Wednesday, June 27, 2012
THE Utilities Regulation & Competition Authority (URCA) last night confirmed it was investigating the June 18-19 network outages that hit the Bahamas Telecommunications Company's (BTC) fixed-line and cellular services, giving the carrier until July 9 to produce "a detailed report" on the affair.
Breaking its silence after repeated questions from the Bahamian public as to why it had not started to probe the outages, which some have alleged were sabotage, URCA said its investigation would be completed in early August - some four weeks after receiving the report from BTC.
The regulator said it had advised BTC it was undertaking the probe last Friday, and is focusing on two issues: Whether the newly-privatised carrier took all necessary measures to prevent the outage in the first place, and if it "took all reasonably practicable steps to restore the affected networks within the shortest timeframe possible" after the problems occurred.

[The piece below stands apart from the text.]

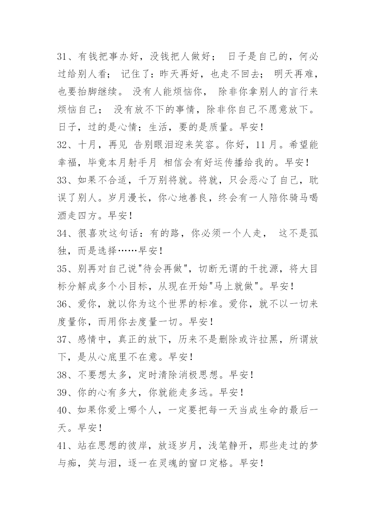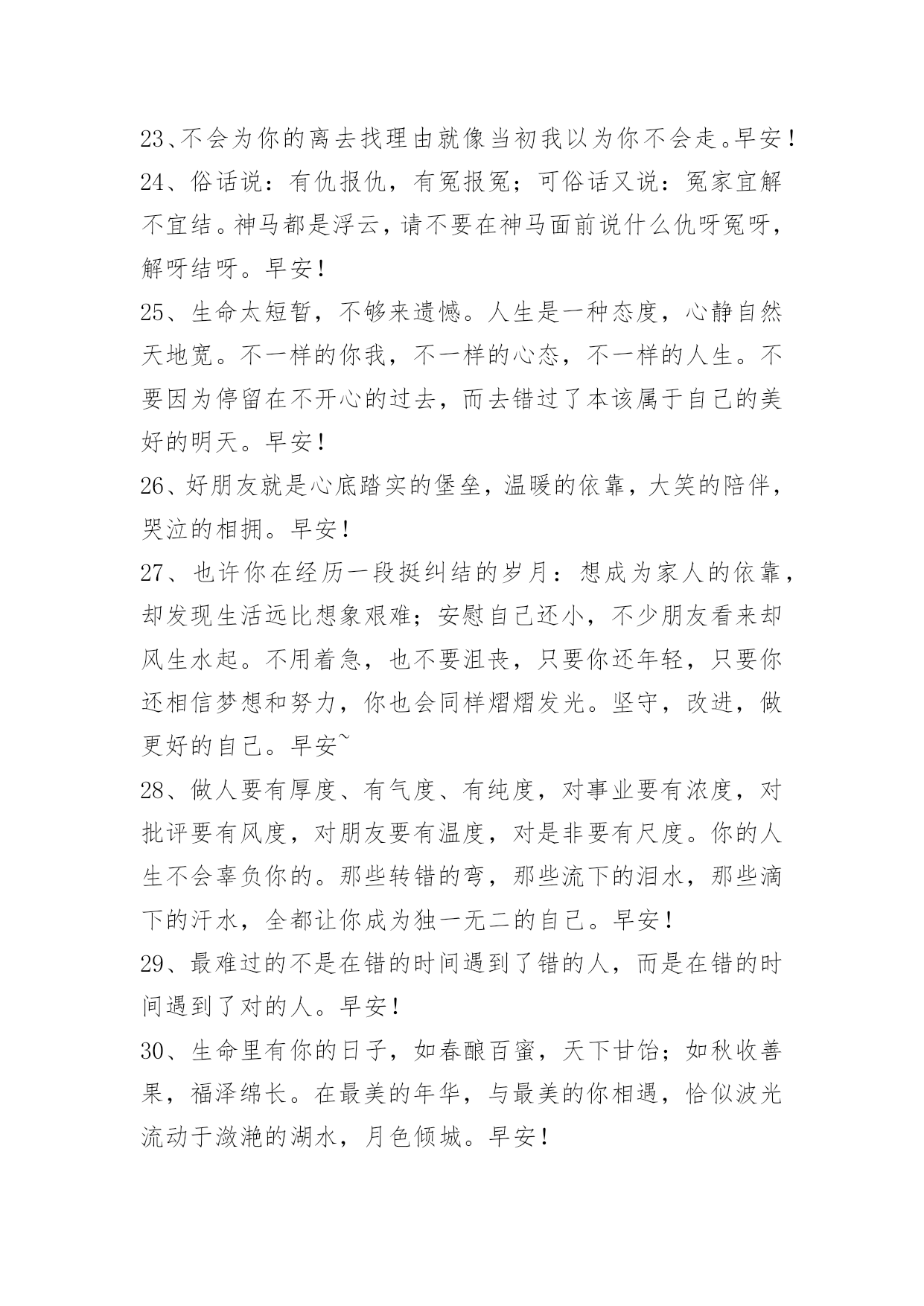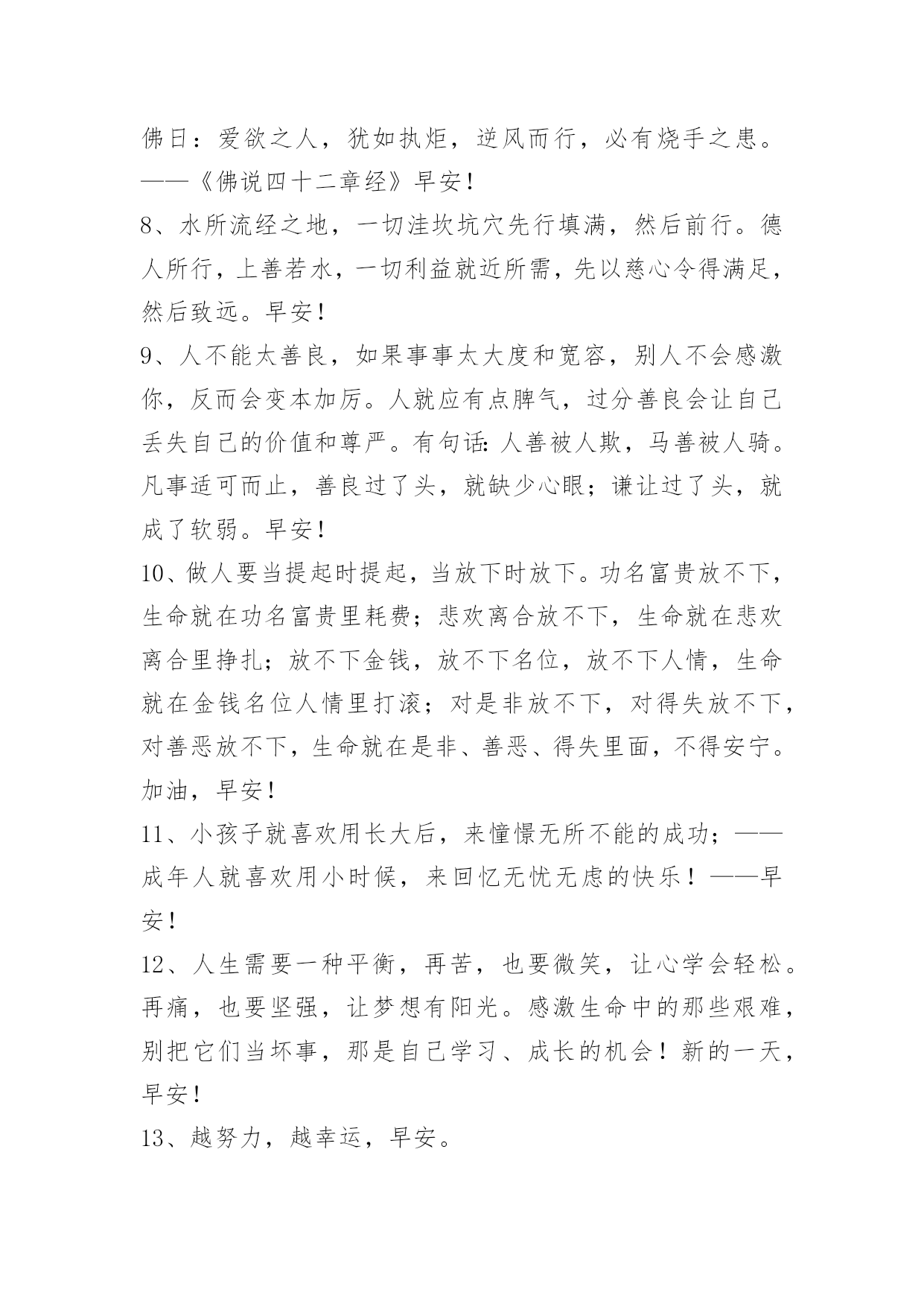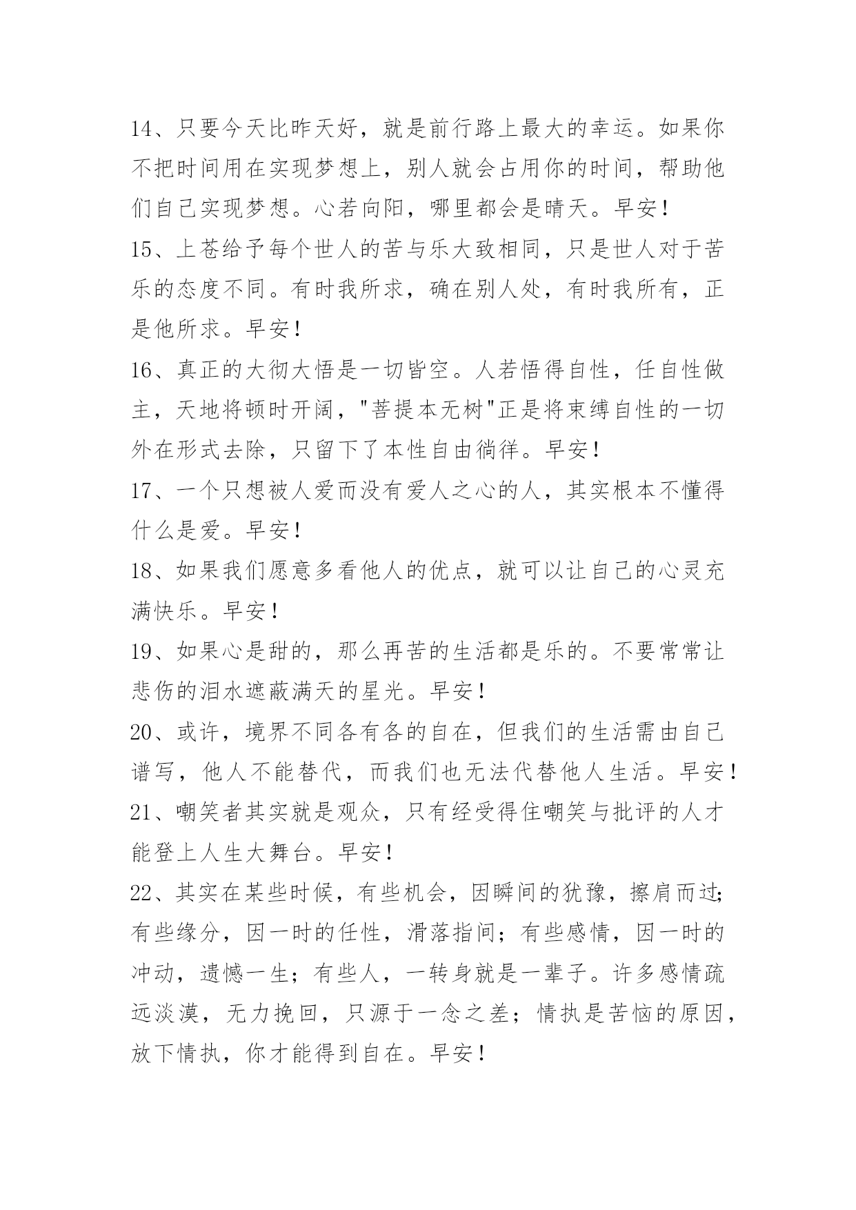 简单的新版早安问候语 简单的新版早安问候语汇编52句人生没有如果,你现在走的路,就是最好的路。早安!下面是小编为大家准备的新版早安问候语52句,欢迎大家前来欣赏。1、默默的放弃,悄悄的离开,寻找属于自己的天空。早安!2、我们珍惜一个人,一定是感动过;我们放弃一个人,一定是失望过。人在落魄时才能看清,谁泼的是盆盆冷水,谁捧的是颗颗担心。陪你的人,因暖心而情义交换,才离不开;懂你的人因疼惜而无可取代,才不离开。其实幸福的人不是拿到了世上最好的东西,而是珍惜了手上已经拥有的人。早安!3、命运掌握在自己手中,比如快乐,你不快乐谁会同情你的悲伤;比如坚强,你不坚强谁会怜悯你的懦弱……只有把命运掌握在自己手中,才能找到生命的闪光。早安!4、祖国是母亲。辱骂祖国就是辱骂母亲,背叛祖国就是背叛母亲。早安!5、佛不是只供人谈论的哲学和理论,佛是艺术的生活,佛是超越的本心,佛是一种广博的爱心善念。早安!6、要称准自己的重量,认清自己能力的底线。过分自信就是自负轻狂,我们要对自己有清醒的认识。早安!7、不理性的爱情,带来的只是灾难怎样经营幸福的爱情?佛日:爱欲之人,犹如执炬,逆风而行,必有烧手之患。——《佛说四十二章经》早安!8、水所流经之地,一切洼坎坑穴先行填满,然后前行。德人所行,上善若水,一切利益就近所需,先以慈心令得满足,然后致远。早安!9、人不能太善良,如果事事太大度和宽容,别人不会感激你,反而会变本加厉。人就应有点脾气,过分善良会让自己丢失自己的价值和尊严。有句话:人善被人欺,马善被人骑。凡事适可而止,善良过了头,就缺少心眼;谦让过了头,就成了软弱。早安!10、做人要当提起时提起,当放下时放下。功名富贵放不下,生命就在功名富贵里耗费;悲欢离合放不下,生命就在悲欢离合里挣扎;放不下金钱,放不下名位,放不下人情,生命就在金钱名位人情里打滚;对是非放不下,对得失放不下,对善恶放不下,生命就在是非、善恶、得失里面,不得安宁。加油,早安!11、小孩子就喜欢用长大后,来憧憬无所不能的成功;——成年人就喜欢用小时候,来回忆无忧无虑的快乐!——早安!12、人生需要一种平衡,再苦,也要微笑,让心学会轻松。再痛,也要坚强,让梦想有阳光。感激生命中的那些艰难,别把它们当坏事,那是自己学习、成长的机会!新的一天,早安!13、越努力,越幸运,早安。14、只要今天比昨天好,就是前行路上最大的幸运。如果你不把时间用在实现梦想上,别人就会占用你的时间,帮助他们自己实现梦想。心若向阳,哪里都会是晴天。早安!15、上苍给予每个世人的苦与乐大致相同,只是世人对于苦乐的态度不同。有时我所求,确在别人处,有时我所有,正是他所求。早安!16、真正的大彻大悟是一切皆空。人若悟得自性,任自性做主,天地将顿时开阔,"菩提本无树"正是将束缚自性的一切外在形式去除,只留下了本性自由徜徉。早安!17、一个只想被人爱而没有爱人之心的人,其实根本不懂得什么是爱。早安!18、如果我们愿意多看他人的优点,就可以让自己的心灵充满快乐。早安!19、如果心是甜的,那么再苦的生活都是乐的。不要常常让悲伤的泪水遮蔽满天的星光。早安!20、或许,境界不同各有各的自在,但我们的生活需由自己谱写,他人不能替代,而我们也无法代替他人生活。早安!21、嘲笑者其实就是观众,只有经受得住嘲笑与批评的人才能登上人生大舞台。早安!22、其实在某些时候,有些机会,因瞬间的犹豫,擦肩而过;有些缘分,因一时的任性,滑落指间;有些感情,因一时的冲动,遗憾一生;有些人,一转身就是一辈子。许多感情疏远淡漠,无力挽回,只源于一念之差;情执是苦恼的原因,放下情执,你才能得到自在。早安!23、不会为你的离去找理由就像当初我以为你不会走。早安!24、俗话说:有仇报仇,有冤报冤;可俗话又说:冤家宜解不宜结。神马都是浮云,请不要在神马面前说什么仇呀冤呀,解呀结呀。早安!25、生命太短暂,不够来遗憾。人生是一种态度,心静自然天地宽。不一样的你我,不一样的心态,不一样的人生。不要因为停留在不开心的过去,而去错过了本该属于自己的美好的明天。早安!26、好朋友就是心底踏实的堡垒,温暖的依靠,大笑的陪伴,哭泣的相拥。早安!27、也许你在经历一段挺纠结的岁月:想成为家人的依靠,却发现生活远比想象艰难;安慰自己还小,不少朋友看来却风生水起。不用着急,也不要沮丧,只要你还年轻,只要你还相信梦想和努力,你也会同样熠熠发光。坚守,改进,做更好的自己。早安~28、做人要有厚度、有气度、有纯度,对事业要有浓度,对批评要有风度,对朋友要有温度,对是非要有尺度。你的人生不会辜负你的。那些转错的弯,那些流下的泪水,那些滴下的汗水,全都让你成为独一无二的自己。早安!29、最难过的不是在错的时间遇到了错的人,而是在错的时间遇到了对的人。早安!30、生命里有你的日子,如春酿百蜜,天下
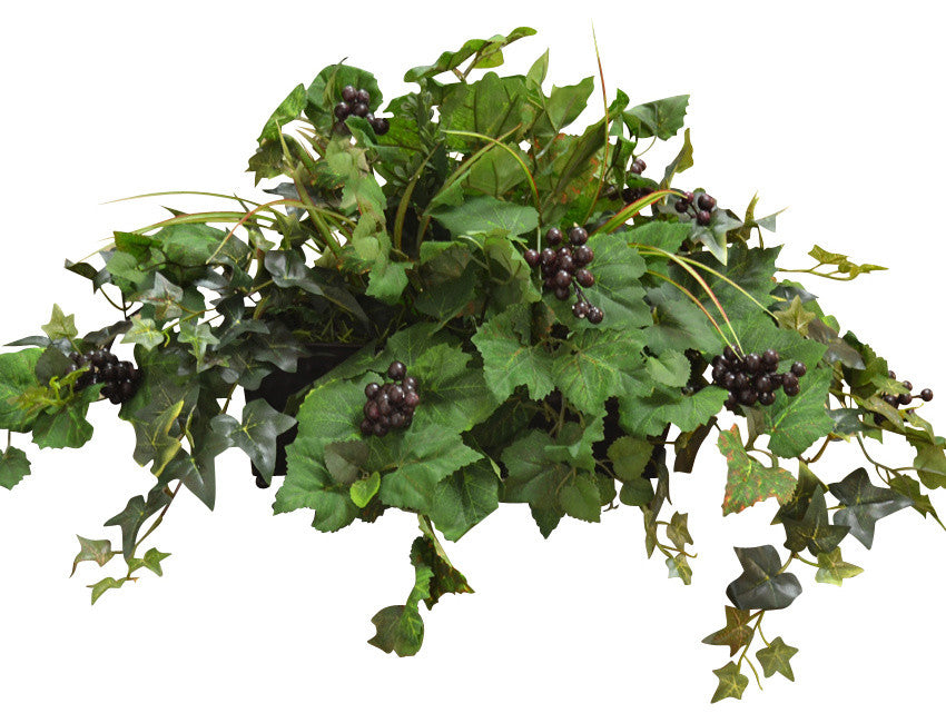 Grape ivy and Jamaican ivy blend to create this vibrant ledge plant display. Deep red hydrangea and dark grape clusters complement the large silk green leaves, which drapes over a Decorative ledge plant container. This mixed faux floral, grape and ivy arrangement measures 13" H X 15" D X 29" W .Features:-Grape Ivy mixed with hydrangeas-High Quality Lush Greenery-Custom Made in the USA

"URCA has given BTC a July 9, 2012 deadline to provide a detailed report on the outage, including technical details of all points of failure, the impact of each failure on network activity and related services, and the time within which relevant personnel would have responded to these failures," the regulator said.
"The report must also outline the causes for the outage, detailed steps that would have been taken to restore functionality and specifications of preventative systems, and other safeguards against such occurrences, including procedural measures and related activity."
URCA added that it had also prohibited BTC from disposing of any documents, data, information and equipment related to the outages for a 90-day period.
Comments
Puzzled says...
Who in Urca has any technical knowledge on the functionality of a network? Is there anyone there who could understand the report or will this be a case for hiring some expensive consultants?
This is just a case of let us justify our position to the new Government and climb on the bash BTC bandwagon.
Heaven help URCA when Digicel start operating in the Bahamas especially if the PM has managed to get control of BTC again as there will be no contest.
You are living in a fool's paradise take a look at the rest of the world and then scale it down to suit the Bahamas population. This regulatory body is just full of its own importance. There cannot be more than 3 - 400,000 subscribers, but you would think that they were dealing with AT&T!